### What this task involves
From the first line of the data down to and including the line with "截至2018年6月,我國網(wǎng)民", copy everything exactly, leaving out pictures.

### Data extracts
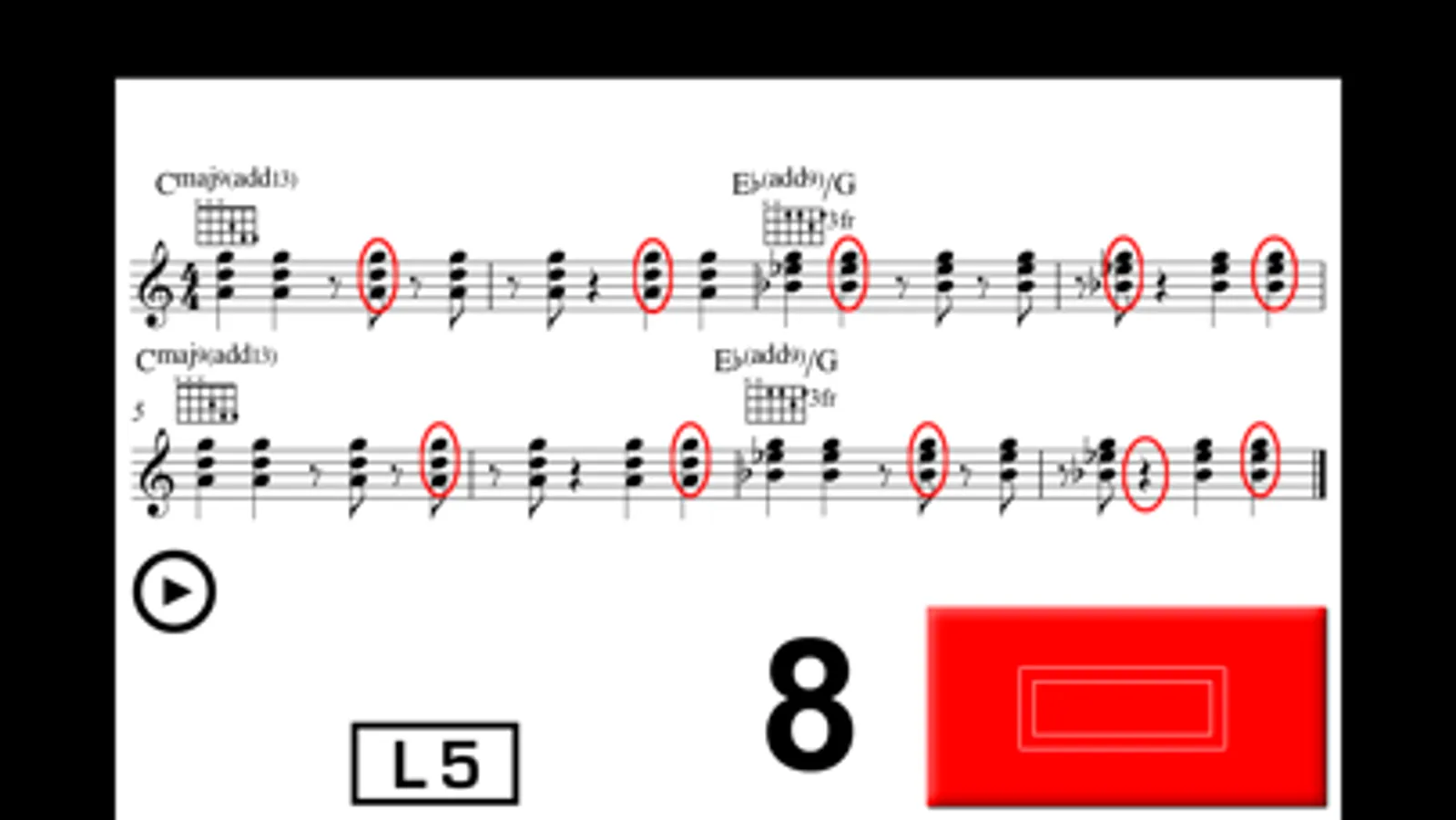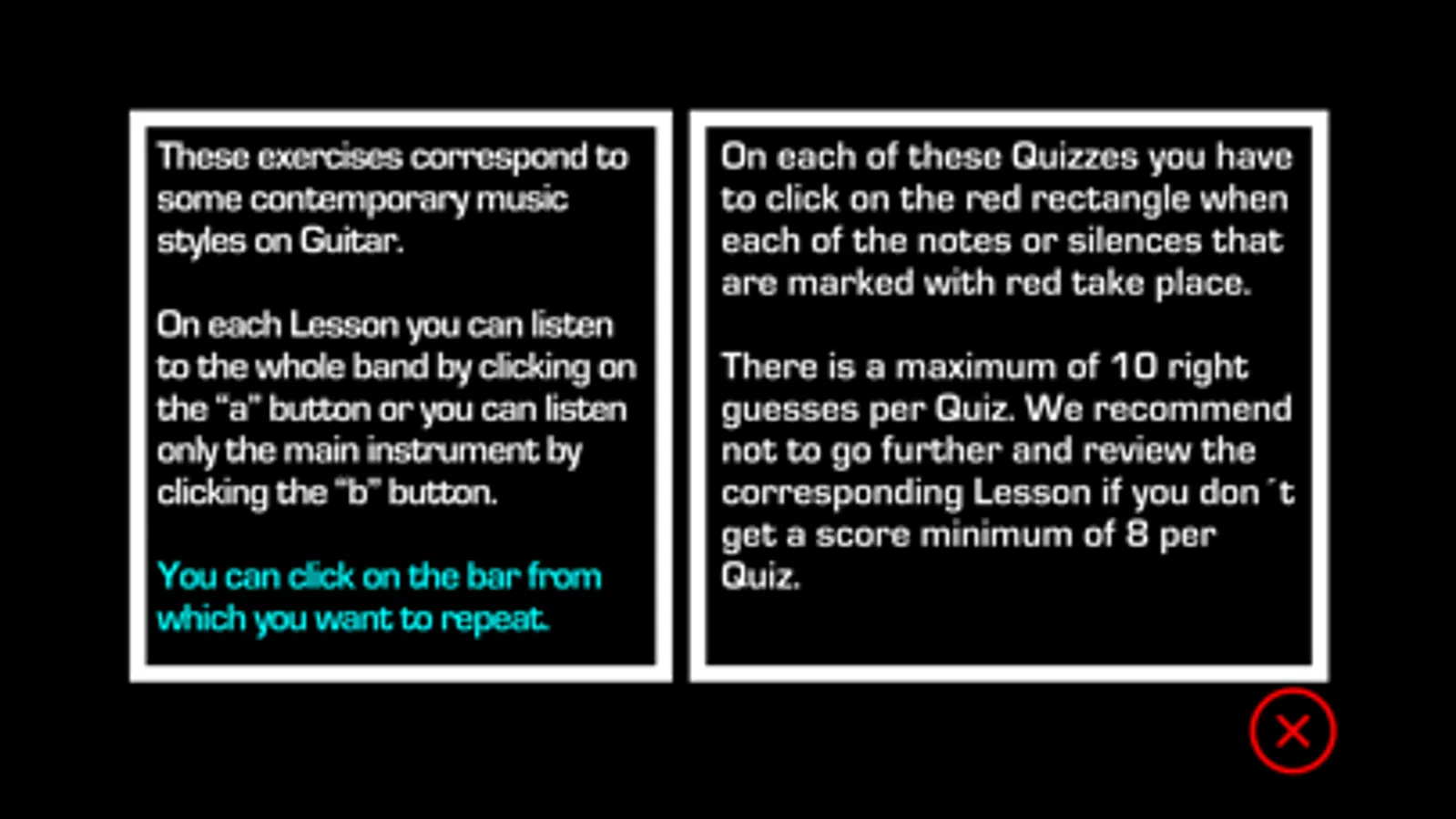 Is to practice sight reading of rhythms for Guitar on different time signatures. On each exercise you have to click on a button when each of the notes or silences that are marked with red on the staff takes place.
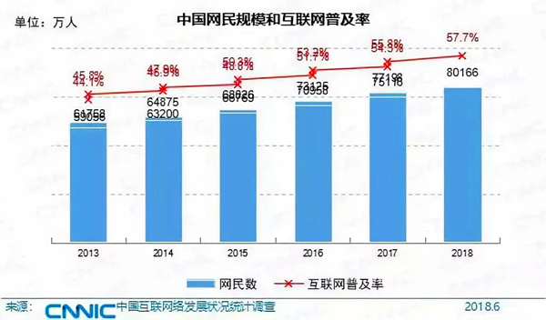 截至2018年6月,我國網(wǎng)民規(guī)模為8.02億,上半年新增網(wǎng)民2968萬人,較2017年末增加3.8%,互聯(lián)網(wǎng)普及率達57.7%。
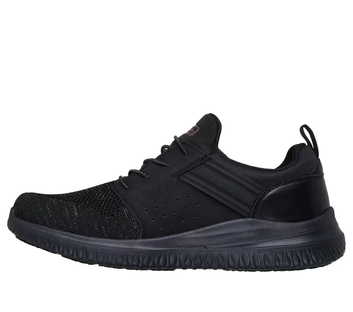 Simply step in and go wearing Skechers Hands Free Slip-ins®: Delson 3.0 – Oteron. Designed with our exclusive Heel Pillow™, this slip-resistant design features a mesh and synthetic upper with stretch laces, plus a cushioned Skechers Air-Cooled Memory Foam® comfort insole.
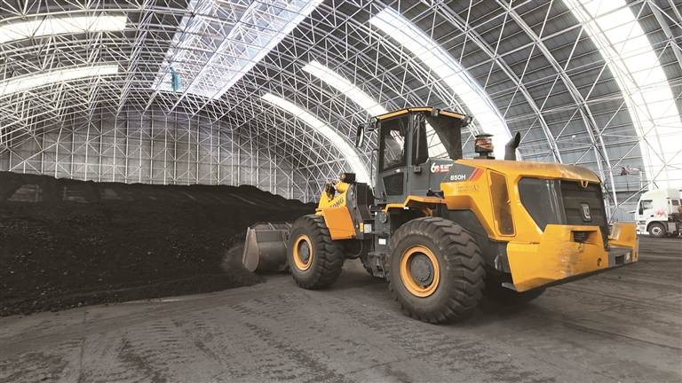 近日,在木垒春晖供热有限责任公司储煤库内,工作人员驾驶铲车有序堆放新运抵的燃煤。□石 倩摄
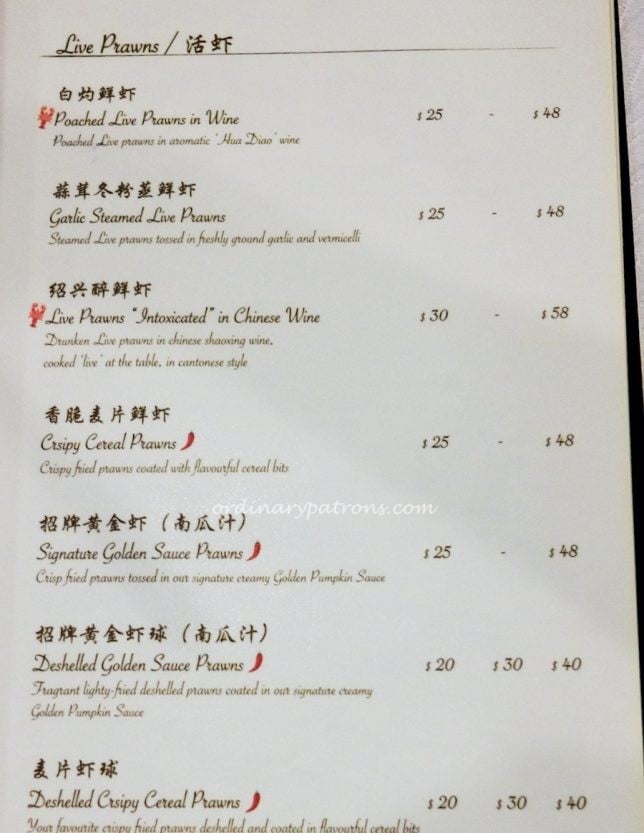 Here are pictures of some pages from the menu. Apart from live seafood, they also serve a wide variety of cooked food items. We did not have any crab dish that day. Instead we ordered a fish, live prawns and a noodle dish.
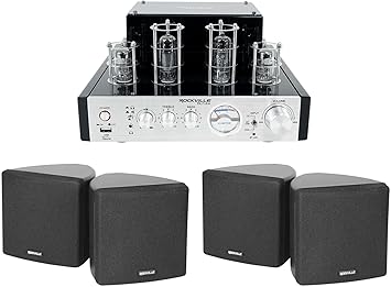 (1) Rockville BluTube 70w Tube Amplifier/Home Theater Stereo Receiver w/Bluetooth Bundle with (4) Cube by Rockville of 3.5" Black Home Theater Wall Speakers+Swivel Brackets (5 Items)
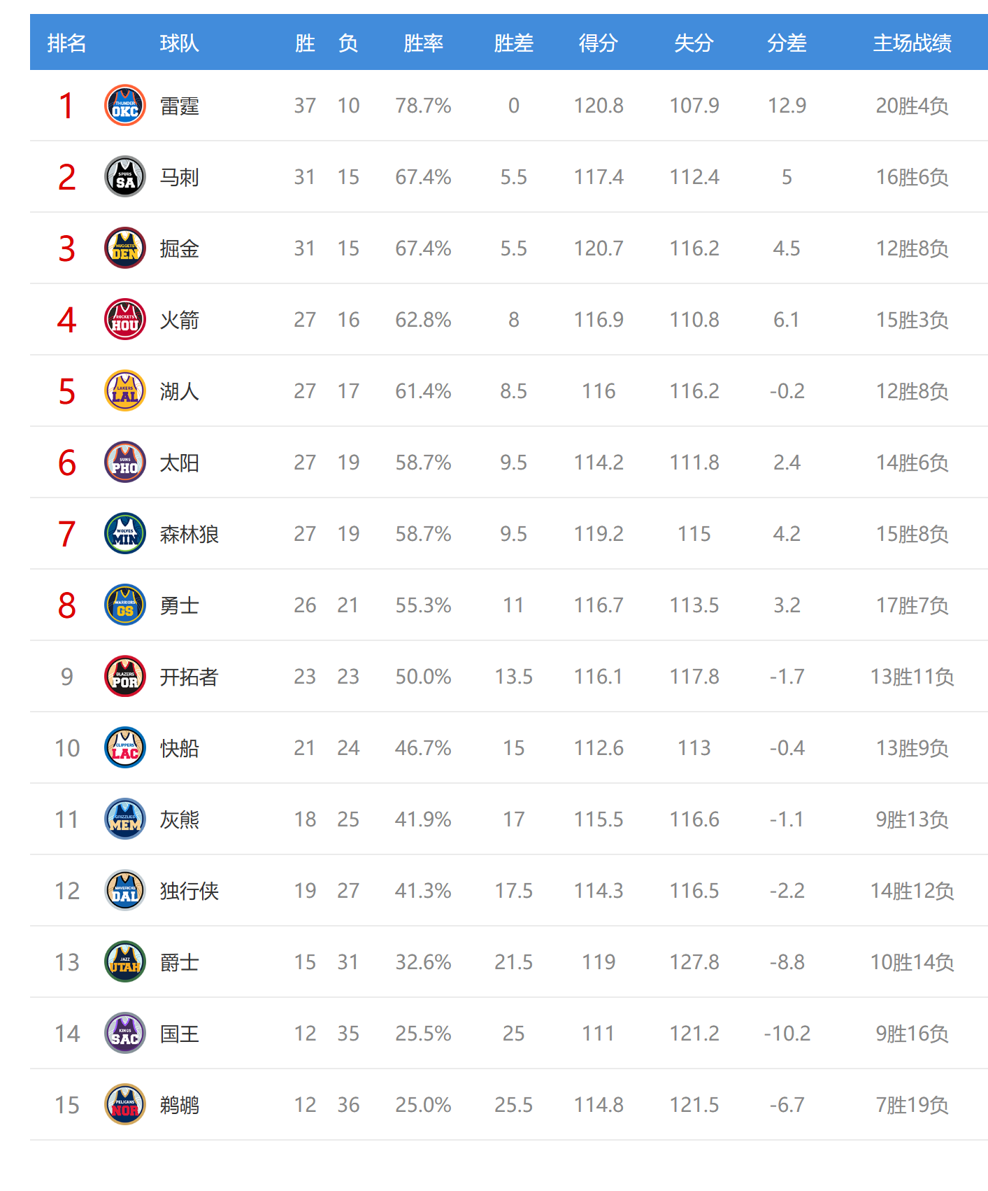 今日比赛后西部排名没有变化,但各队间的差距有所改变。
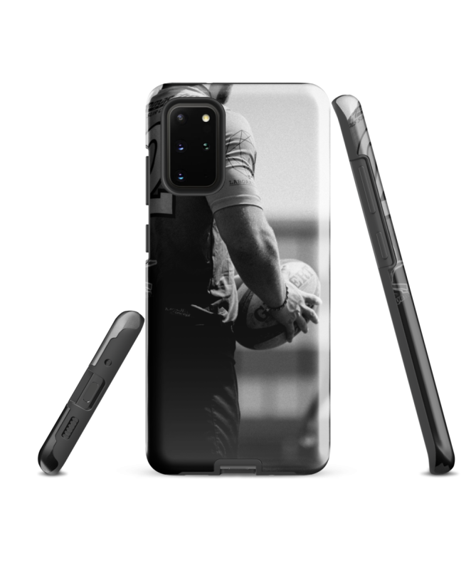 Muestra tu pasión por el rugby con el casco Samsung MAINBALL Les Francophones de nuestra gama de la Copa Mundial de Rugby, mostrando a un jugador sosteniendo el balón con determinación....

### Reply
 Is to practice sight reading of rhythms for Guitar on different time signatures. On each exercise you have to click on a button when each of the notes or silences that are marked with red on the staff takes place.
 截至2018年6月,我國網(wǎng)民規(guī)模為8.02億,上半年新增網(wǎng)民2968萬人,較2017年末增加3.8%,互聯(lián)網(wǎng)普及率達57.7%。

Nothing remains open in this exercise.